◆ **Your goal**
Each line in the records below, from the one that contains "[남도저널 김영도 기자]" to the one that contains "Valmistaja Riihimäen lasi, tilavuus", should be reproduced exactly, the first and last included.

◆ **Listed records**
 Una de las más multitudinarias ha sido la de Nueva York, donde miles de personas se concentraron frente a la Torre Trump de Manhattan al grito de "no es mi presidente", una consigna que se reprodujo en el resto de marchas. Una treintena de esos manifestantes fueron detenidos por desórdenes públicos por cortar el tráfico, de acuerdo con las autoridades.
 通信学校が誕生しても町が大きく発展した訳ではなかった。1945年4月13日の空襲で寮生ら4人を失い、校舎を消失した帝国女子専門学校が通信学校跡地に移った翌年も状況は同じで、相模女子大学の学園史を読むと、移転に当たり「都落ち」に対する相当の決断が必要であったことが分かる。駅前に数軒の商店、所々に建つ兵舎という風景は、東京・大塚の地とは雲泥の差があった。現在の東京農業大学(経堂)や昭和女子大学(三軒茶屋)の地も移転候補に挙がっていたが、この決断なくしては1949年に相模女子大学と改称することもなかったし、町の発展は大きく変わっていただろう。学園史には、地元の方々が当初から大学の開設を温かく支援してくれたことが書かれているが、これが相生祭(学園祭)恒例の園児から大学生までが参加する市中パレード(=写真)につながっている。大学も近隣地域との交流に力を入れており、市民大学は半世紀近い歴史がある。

---

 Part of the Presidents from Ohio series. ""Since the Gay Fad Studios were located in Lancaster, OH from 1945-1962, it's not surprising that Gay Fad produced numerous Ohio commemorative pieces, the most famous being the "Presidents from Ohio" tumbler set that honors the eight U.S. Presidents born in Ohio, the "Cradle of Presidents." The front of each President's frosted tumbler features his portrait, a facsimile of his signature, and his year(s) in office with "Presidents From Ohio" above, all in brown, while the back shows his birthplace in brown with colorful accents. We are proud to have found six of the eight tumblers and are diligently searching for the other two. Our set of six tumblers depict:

---

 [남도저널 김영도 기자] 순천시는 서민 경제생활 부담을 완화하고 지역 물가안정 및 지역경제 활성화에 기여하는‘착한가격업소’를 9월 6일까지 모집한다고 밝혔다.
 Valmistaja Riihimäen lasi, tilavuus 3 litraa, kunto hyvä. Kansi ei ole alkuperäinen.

◆ **Result for this exercise**
 [남도저널 김영도 기자] 순천시는 서민 경제생활 부담을 완화하고 지역 물가안정 및 지역경제 활성화에 기여하는‘착한가격업소’를 9월 6일까지 모집한다고 밝혔다.
 Valmistaja Riihimäen lasi, tilavuus 3 litraa, kunto hyvä. Kansi ei ole alkuperäinen.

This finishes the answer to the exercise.